The 78-year-old grandson of the inventor of the VW Beetle resigned on Saturday evening with immediate effect after losing a power struggle with key directors. Mr Piech had sought to oust chief executive Martin Winterkorn.
His departure brings the curtain down on a two-decade stewardship of VW, the world's second-largest carmaker by sales. Mr Piech transformed VW since 1993, with revenues having increased by 400 per cent to more than €200bn and market capitalisation more than 27 times higher.
However, the chairman frequently irked minority-investors by pursuing costly deals and engineering projects.

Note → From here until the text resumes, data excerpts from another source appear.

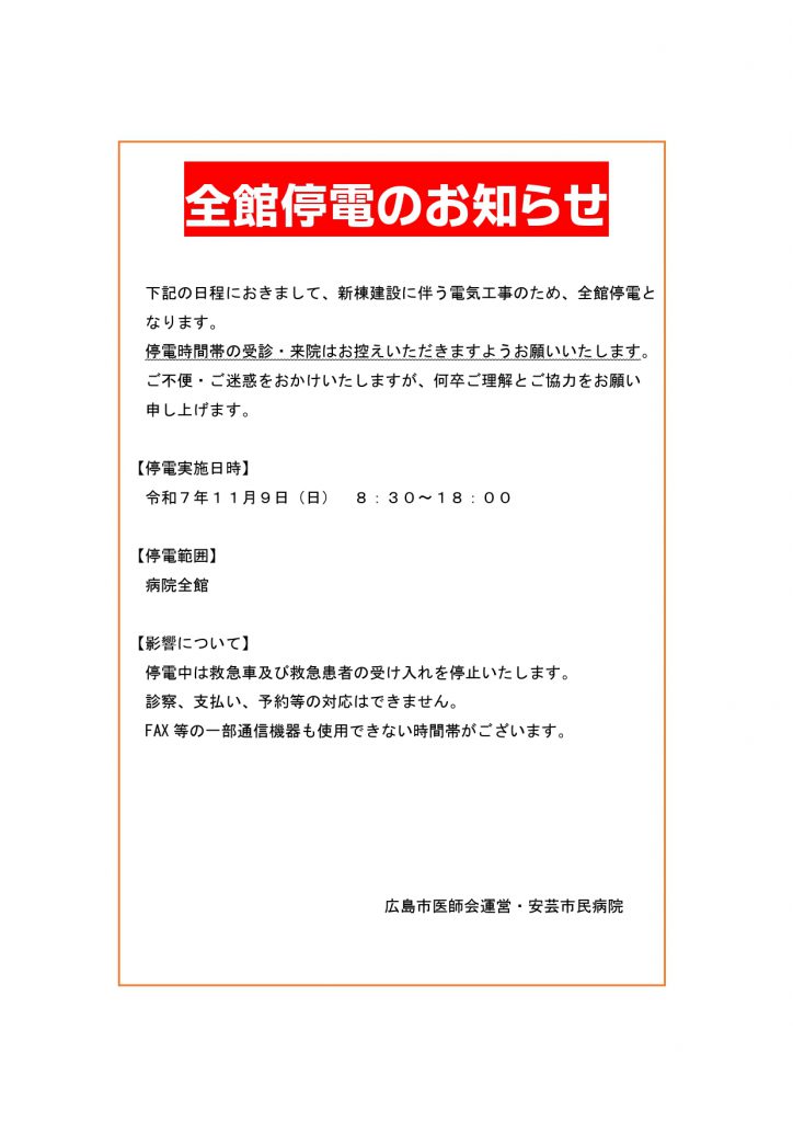 新棟建設に伴う電気工事のため全館停電となります。患者様およびご来院の皆様には大変ご不便、ご迷惑をおかけいたしますことを深くお詫び申し上げます。詳細は、下記のお知らせをご確認ください。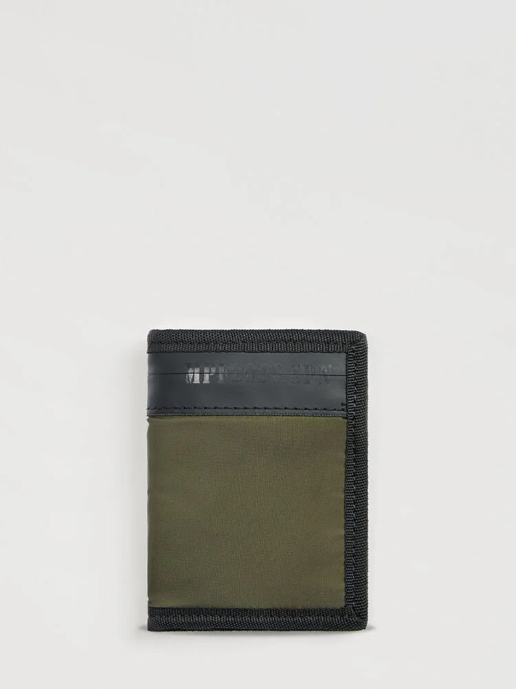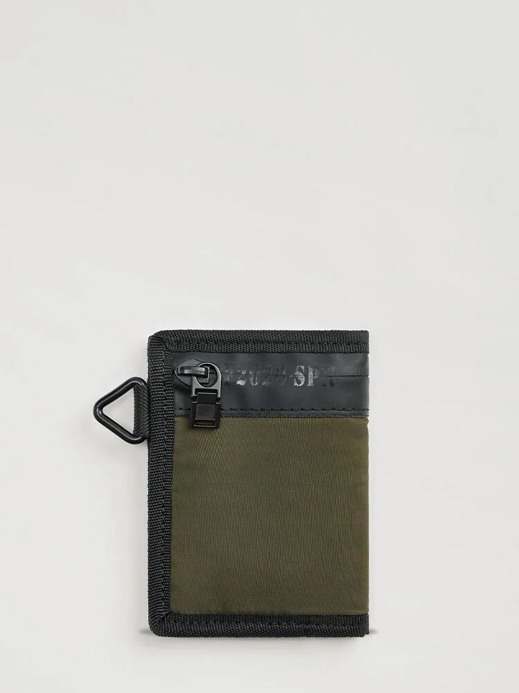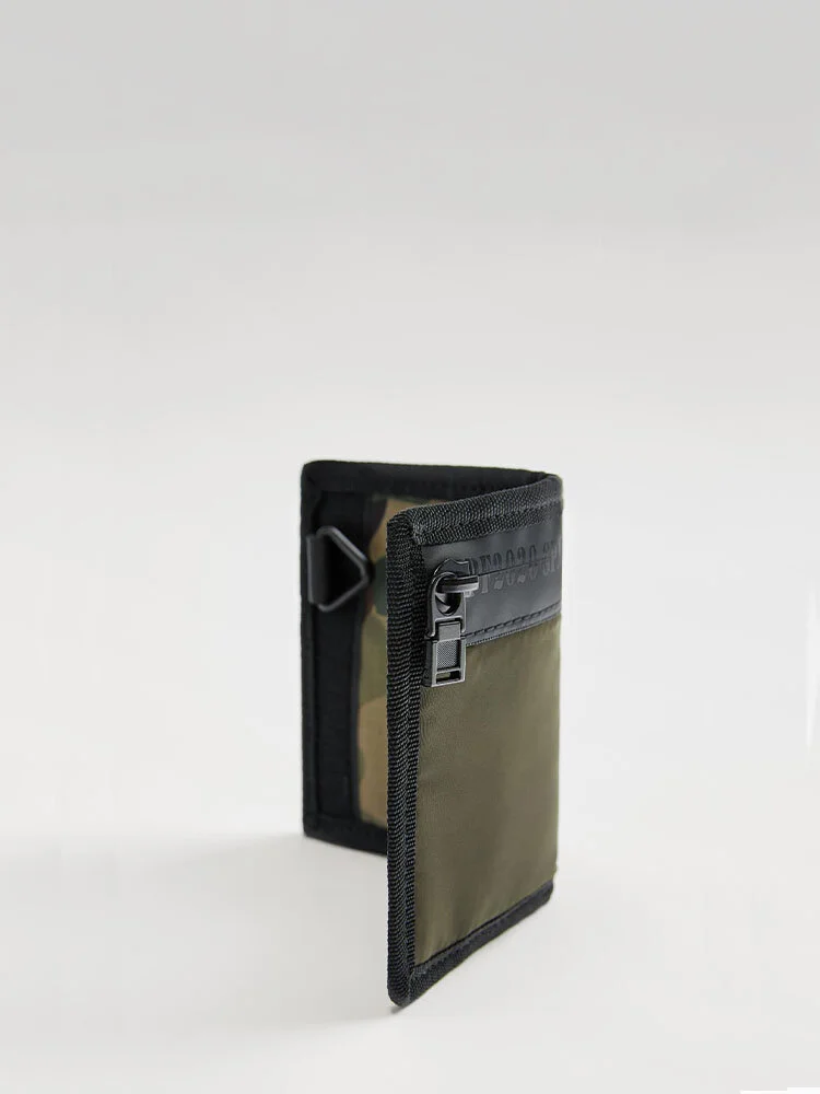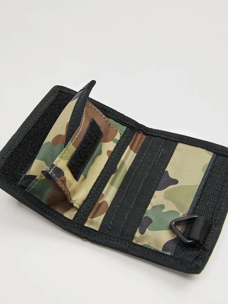 Tarjetero elaborado en tela sintética con múltiples ranuras para guardar ordenadamente tarjetas, billetes, documentos personales de identificación, entre otros. Con estampado de camuflaje.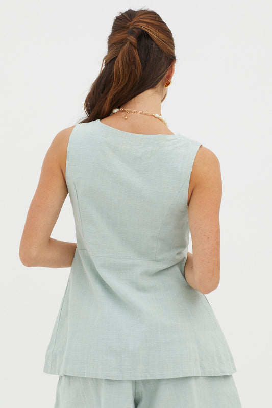 Philomena Button Pocket Vest Top Sage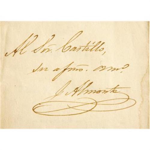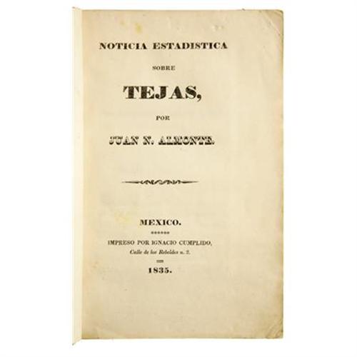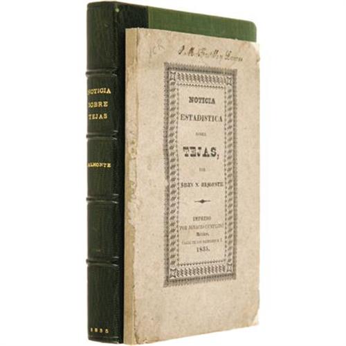 <B>Juan Nepomuceno Almonte, </B></I><B><I>News and Statistics on Texas </B></I></B></I><B>Signed</B></I> "<I>J. Almonte</B></I>," inscribed by him to Sn Castillo, 96 pages, 4" x 6". First Edition. Streeter 816. Gray paper wrappers stamped "<I>J.M. de Castillo y Lancas</B></I>" in upper margin of front cover imprinted: "<I>Noticia/Estadistica/Sobre/Tejas,/por/Juan N. Almonte./Impreso/por Ignacio Cumplido,/Mexico,/Calle de los Rebeldes N. 2,/1835.</B></I>" Fine condition. With mileage table and charts. Front corners rounded. This book is based on a visit made to Texas by Juan Nepomuceno Almonte (1803-1869) in the spring of 1834, at the orders of the Mexican government, to hear the complaints of the Texans and to gain time for the government to devote its attention to Texas matters. He arrived at Nacogdoches by way of New Orleans in May 1834, and had reached Monclova on his way back to Mexico City in September 1834. Almonte made his report to Valentin Gomez Farias, Vice President and temporary acting president of Mexico, and then compiled the non-political elements into his book, which was published in February 1835 and has a dedication to General Miguel Barragan dated Mexico, January 1, 1835. On January 28, 1835, Santa Anna surrendered the presidency to General Miguel Barragan, who died in office on March 1, 1836. It includes descriptions of towns, roads, ports, and people, as well as a detailed description of the physical terrain. There are sections on the Indian tribes and on wildlife, flora, and fauna. Almonte also urges colonization of Texas by Mexicans and states that he expects to return soon to Texas as Commissioner of Colonization. When he did return, it was as military aide on the staff of Santa Anna's invading army; he was taken prisoner at San Jacinto. This is the only known presentation copy in private hands. In cloth chemise (book and biographical information tipped in) and quarter morocco slipcase case with the spine in five compartments with four raised bands, lettered in gilt, "<I>Noticia Sobre Tejas/Almonte/1835</B></I>." Presentation copies of this book are exceedingly rare. <I>From the collection of Darrel Brown.</B></I><BR><B><BR>Reference:</B></I> Streeter 816; Eberstadt 162:15<BR><BR><b>Shipping:</b> Books & Catalogs (<a target="_blank" href="http://www.heritageauctions.com/common/shipping.php">view shipping information</a>)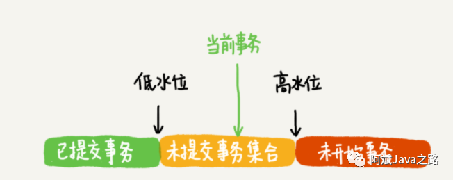 事务id是递增的只会越来越大,在开启事务的时候,第一次快照读会产生一个读视图,将目前活跃的还未提交的事务记录下来,并排序出最低事务和最高事务。

Arndt Ellinghorst, analyst at Evercore ISI, upgraded the shares from hold to buy at the weekend, telling investors that Mr Piech's departure reduced the risk of "additional empire building M&A" and represented an opportunity for VW "to focus on improved capital efficiency".
Max Warburton, an analyst at Bernstein Research, told clients: "[Piech] was far more interested in building the world's fastest cars or most complex engines than paying dividends . . . He may be a legend, but he's hardly been a friend of shareholders, in our view."

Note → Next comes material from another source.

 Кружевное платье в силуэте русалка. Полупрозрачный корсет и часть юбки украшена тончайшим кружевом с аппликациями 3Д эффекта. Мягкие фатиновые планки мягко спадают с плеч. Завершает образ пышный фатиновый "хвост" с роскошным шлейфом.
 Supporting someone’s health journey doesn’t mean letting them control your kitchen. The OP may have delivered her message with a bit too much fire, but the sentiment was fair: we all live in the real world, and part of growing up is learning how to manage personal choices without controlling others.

It is by no means clear that the post-Piech VW will be more shareholder friendly, however.
The big winners of the leadership dispute were the state of Lower Saxony and employee representatives who together hold 12 of the 20 seats on the supervisory board. Both are strongly motivated to protect German jobs which could make addressing the low labour productivity at VW more difficult. VW's interim chairman is a trade unionist Berthold Huber.
"This latest episode appears to leave the labour unions in a stronger position than ever," Mr Warburton acknowledged.
Much will depend on the identity of the new chairman and whether VW chooses to accelerate a change in the chief executive.
There are also lingering concerns that Mr Piech was unhappy about operational issues such as falling sales in the US and the low margin of the core passenger car brand. VW reports first-quarter earnings on Wednesday.
"Were pure operational issues to blame, or was there a strategic disagreement? Until these questions are answered . . . investors may fear that deeper operational issues could surface," Stuart Pearson at Exane BNP Paribas told clients.